If it takes Dave 11 hours to close an order and John needs 13 hours how long would it take them together
13 + 11 ÷ 2
oops
\[\frac{11\times 13}{11+13}\]
Really? I'd have thought if they were working together, the answer should be less than if they were working alone
D: I'm a retard... Okay so @Satellite73 can you explain this to me haha...I should be failing my own math right now...but somehow I am not. o.O
"close an order" is not really that clear to me, but i am assuming it is one of those problems like "adam takes 13 hours to mow the lawn and eve takes 11 hours. how long would it take for them to paint the room if they work together?"

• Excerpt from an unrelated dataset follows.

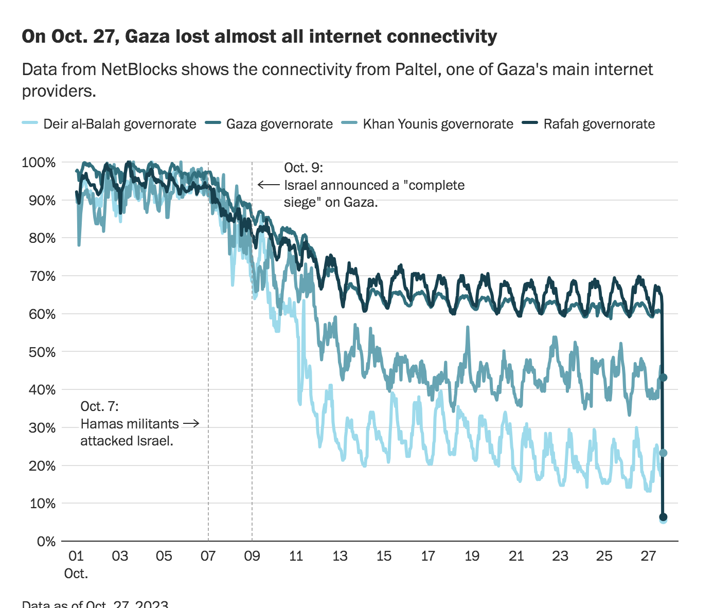 By October 16, most sectors in the Gaza Strip had experienced a 90 percent drop in power availability since October 6.

@rebeccaskell94 the combined rate is not the average of the two rates
This I see haha
dave's rate is \(\frac{1}{11}\) and john's rate is \(\frac{1}{13}\) so their combined rate is \(\frac{1}{11}+\frac{1}{13}=\frac{11+13}{11\times 13}\)
OHHHH!!!! duh. http://viewfromthedolequeue.files.wordpress.com/2011/04/dunce_cap.jpg <---moi
then you want how long it takes to complete one job, set \[\frac{11+13}{11\times 13}T=1\] solve via \[t=\frac{11\times 13}{11+13}\]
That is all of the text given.